Disclose the effects of cryptocurrency mining NVIDIA Corporation (NVDA), a manufacturer of graphics processing units, has agreed to pay $5.5 million to resolve charges brought by the Securities and Exchange Commission (SEC), which alleged that the company misled investors by concealing the high demand for its products from cryptocurrency miners. Verifying transactions on decentralized blockchain ledgers is known as “crypto mining,” which yields rewards in bitcoin.
In a settlement agreement of $5.5 million, NVIDIA said it had misled investors by concealing the high demand for its graphics cards from bitcoin miners.
The SEC stated that NVIDIA omitted to mention that cryptocurrency mining contributed significantly to revenue growth in two consecutive quarters during its fiscal year 2018.
CONCLUSIONS AND RECOMMENDATIONS:
NVIDIA introduced the Cryptocurrency Mining Processor (CMP) line of chips in March 2021; these were developed to facilitate the mining of Ether.
Similar to the steep decline in cryptocurrency values, demand for the company’s CMP hardware has plummeted.
On Friday, May 6, the Financial Industry Regulatory Authority (FINRA) announced its charges against Santa Clara, California-based NVIDIA, alleging that the company misled investors by concealing the fact that crypto mining had contributed significantly to revenue growth in two consecutive quarters during its 2018 fiscal year from the sale of its graphics processing unit (GPUs) designed and marketed for gaming.
The gaming segment of the chip maker reported a 52% and 25% growth in revenue during the second and third quarters of that year, respectively, as compared to the corresponding quarters in the previous year.
Kristina Littman, head of the SEC Enforcement Division’s Crypto Assets and Cyber Unit, said, “NVIDIA’s disclosure violations robbed investors of crucial information to assess the company’s operations in a vital market.” She also stressed the need for timely, comprehensive, and accurate disclosures for all issuers, especially those interested in prospects utilizing new technologies.
A Custom-Built Chip for Cryptocurrency Mining:
At the height of the ’21 March cryptocurrency bull market, chipmaker NVIDIA introduced a new line of products dubbed Cryptocurrency Mining Processors (CMP), optimized for mining Ether (ETH). This digital asset fuels the Ethereum network. The company’s graphics cards are ideal for running the mining algorithms necessary to generate Ether, the cryptocurrency. The semiconductor manufacturer has also included anti-crypto mining software on its gaming graphics cards.
NVIDIA’s graphics cards were in high demand during the epidemic because people stayed home from work and school to play video games. In 2020 and early 2021, the firm had a severe shortage of graphics chips due to increased demand from cryptocurrency miners.
Amid the crypto winter, CMP mining chips slump.
NVIDIA’s most recent quarter saw gaming contribute 45% of total revenue, although CMP chip sales fell significantly.
With the decrease in cryptocurrency values, the firm reported a 77% decline in income from crypto-mining hardware between the third and fourth quarters of 2021.

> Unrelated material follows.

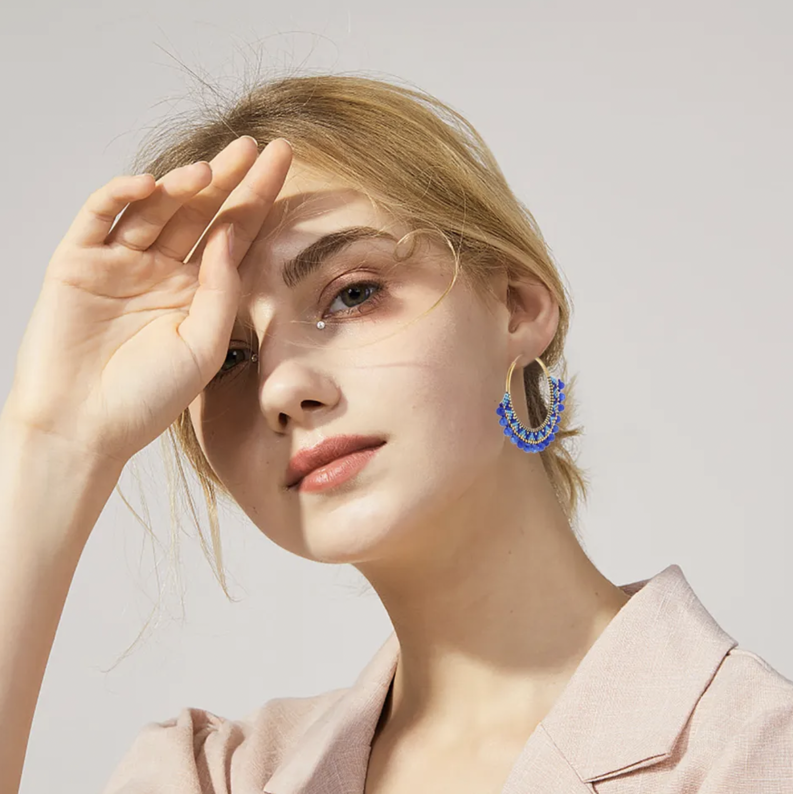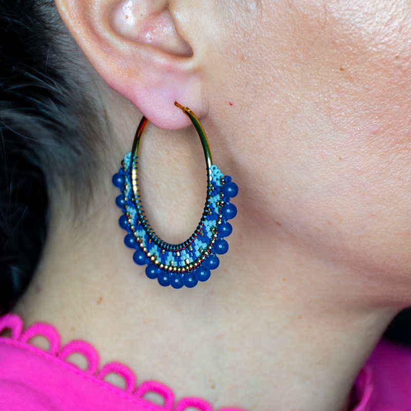 Completeaza-ti aspectul boem- Indiferent daca esti intr-o rochie maxi fluida, o fusta vaporoasa sau in perechea ta de blugi preferata, acesti cercei rotunzi de culoare albastru inchis completeaza stilul tau fara efort, adaugand acea nota de farmec boem care te diferentiaza.
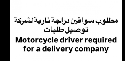 مطلوب سواق دراجة نارية لشركة توصيل طلبات

When the chip manufacturer publishes profits on May 25, investors will get the latest CMP sales figures. As of this writing, Bitcoin (BTC) and Ether have lost over 30% of their value since the beginning of the year, suggesting that conditions have remained difficult.
A Convenient Web3 Digital Wallet:
On Friday, May 6, NVIDIA stock fell 0.9%, hitting a new low not seen since last July. The stock has dropped 36.5% this year, lagging both the iShares Semiconductor ETF (SOXX) and the tech-heavy Nasdaq by about 12% and 14%, respectively.
The author did not own any of the securities above at the time of writing.